Dwa tygodnie przerwy. Czas przemyśleń i ciężkiej pracy
Dopiero w ten weekend powrócą na ligowe parkiety szczypiornistki Słupi Słupsk. Powoli kończy się więc dwutygodniowa przerwa w rozgrywkach. O zmarnowaniu tego czasu nie ma jednak mowy.
Karol Kotusiewicz: Dwa tygodnie przerwy. Jak wpłyną na drużynę?
Michał Zakrzewski: Przerwa była nam bardzo potrzebna. Mogliśmy poświęcić ją na spokojne treningi i wyleczenie drobnych urazów. Udało się również poukładać pewne elementy gry i przygotować zawodniczki do nowych zadań.
Na co położono największy nacisk?
Treningi poświęciliśmy przede wszystkim na pracę nad siłą i szybkością. Musieliśmy także poprawić współpracę w ataku i obronie – to, co szwankowało ostatnio w naszej grze.
Ile zawodniczek brało udział w zajęciach?

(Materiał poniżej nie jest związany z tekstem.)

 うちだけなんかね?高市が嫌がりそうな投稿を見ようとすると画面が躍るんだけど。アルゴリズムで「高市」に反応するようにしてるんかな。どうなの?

Pojawiło się niemal 100% zawodniczek. Zajęć było nieco mniej, ale za to z dużą intensywnością. Sporo graliśmy z chłopakami – mam nadzieję, że będzie to widać w grze.
Widać wśród zawodniczek głód gry?
Dziewczyny są bardzo zmotywowane i po najbliższym meczu dwa punkty z pewnością zostaną w Słupsku. Znamy dobrze rywala, wiemy, czego spodziewać się po warszawiankach.